Contos de Marques Nganga

Textos de Marques Nganga

CRIA ACTIVIDADE

Ao raiar da gigantesca Vênus, Maria Microfone, celebrando 15 anos da cabeça ao peito, 39 na cintura, degustando-se em águas cristalinas, num banheiro pintado em creme, enxaguou seus sedosos cabelos com uma toalha tecido couro, cuja existência dependeu da imolação de um co(he)rdeiro, passou-a ligeira mente sobre a zona pélvica ladeada por uma cerca não sanitária bem aparada, amarrando-a ao nível do par maboques. Maria carregava Pungu-A-Ndongu no peito, Serra da Leba da cintura aos pés, e mulenvos de baixo no rosto. Salientava-se-lhe as pernas. Era impossível vê-las e não emocionar-se entre extremidades bipédicas. Pareciam eram ‘geni(t)ais’! Já vi faces geometricamente bem desenhadas, toda via, aos pés daquelas pernas, não há via.

Chamou Maria o tempo ao quarto, pôs-se a pensar sobre o que lhe aprouvia trajear, afinal, seria mais um dia de subir a um palco. É aqui que qualquer mulher se atrasa: vira, daqui! vira, dali! vira, a colá! Há sempre motivos p´ra colar quando o assunto é escolher trapos e assessórios!

No fim da linha, como quem recebe um beijo à despedida de morte, vium vestido corda paixão que mal cobriam seus cheios seios, reluzentes de unguentos de amêndoas, passou-lhe um ferro, suavemente quente, e entrou nele.
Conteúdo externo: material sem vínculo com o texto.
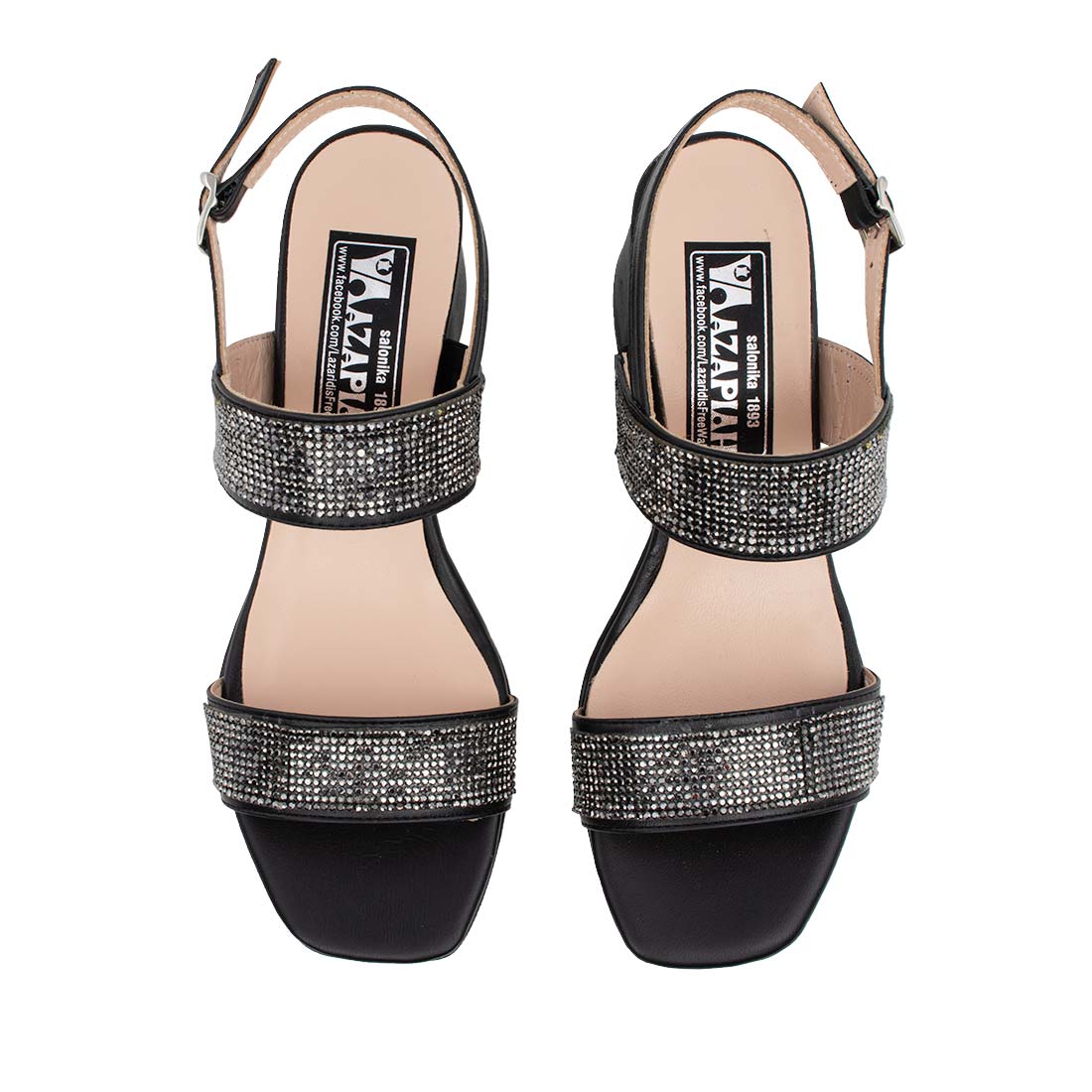 Χειροποίητο δερμάτινο πέδιλο ελληνικής κατασκευής με χαμηλό τακούνι GLAMOROUS Μαύρο

O ponteiro médio esticou-se para dois minutos antes da hora 0, e Microfone chutou aos seus carnudos lábios um label de marca americana, Forever! Aprendera que os batons são um atentado à saude e beleza dos órgãos primordiais às preliminares. À propósito, de que é feito os batons?

Derradeiramente, o espelho, encostado a uma parede sem tinta, aguardava por si, para contemplar mais uma vez a também cognominada pela vizinhança ‘mulher vírgula’, ou ainda ‘mostra tudo’. Ajeitou os seios cheios aos céus, atando os saltos do tamanho de dois anões. Depois de todo aquele aparato corporal, era a hora do show começar. Rezava eu que não saísse daí tão cedo, pois era um dê leite dos deuses, mas infelizmente, o bom é orvalho e orvalho é esforovite nadando em gasolina! …e, Maria teve mesmo de ir…
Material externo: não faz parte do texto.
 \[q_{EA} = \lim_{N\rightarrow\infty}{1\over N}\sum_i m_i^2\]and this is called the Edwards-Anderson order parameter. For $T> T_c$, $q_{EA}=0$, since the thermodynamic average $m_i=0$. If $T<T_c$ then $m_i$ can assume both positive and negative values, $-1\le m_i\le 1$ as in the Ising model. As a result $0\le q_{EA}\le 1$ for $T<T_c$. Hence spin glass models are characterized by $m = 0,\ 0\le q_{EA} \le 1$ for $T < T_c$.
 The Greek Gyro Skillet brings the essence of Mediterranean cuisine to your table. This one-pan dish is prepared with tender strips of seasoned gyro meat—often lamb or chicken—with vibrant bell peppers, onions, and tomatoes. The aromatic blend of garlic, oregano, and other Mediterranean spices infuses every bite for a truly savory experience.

Já haviam passados, naquele palco aparado relvado, vinte cantoras, inclusive Edmessi, cuja voz dizia-se era orquestra. Mas, a plateia, uns mais compridos e outros, nem tanto, flexíveis e sensíveis, trajados em luto, ansiosos, aguardavam Maria Microfone, Nagrelha mulher ou mulher na grelha, sempre disposta a surpreender em todas as suas actuações.

Então, o primeiro insólito viria a acontecer: o palco e o microfone em pé subiram à Maria… e ouviram-se cânticos de júbilo. A hora já ia se despedindo quando o púbico pede que Maria subisse. E não é que subira mesmo… e subindo só mente a cabeça ao palco, pegou no microfone, e pôs-se a cantar. Do microfone saía um som que à Maria fez delirar. A doçura do som daquele objecto coberto de escuridão, qual comprido à Torre Eiffel, subia-lhe à cabeça, e começou a comê-lo como que banana.

Diz-se que, ‘’quando a emoção arromba a porta, o pensamento sai pela janela’’. Mas Maria criou uma fenda, como a que formavam as suas tensas mamas, precipitando o ditado à mesma e filosofou: ‘’estar em cima é poder’’.

Do âmago do céu ser, ouvia uma voz na plateia: “xéeeeee, isso não se come, moça! Mas o único ouvido que podia ouvir, já tinha sido tapado pela doçura do microfone.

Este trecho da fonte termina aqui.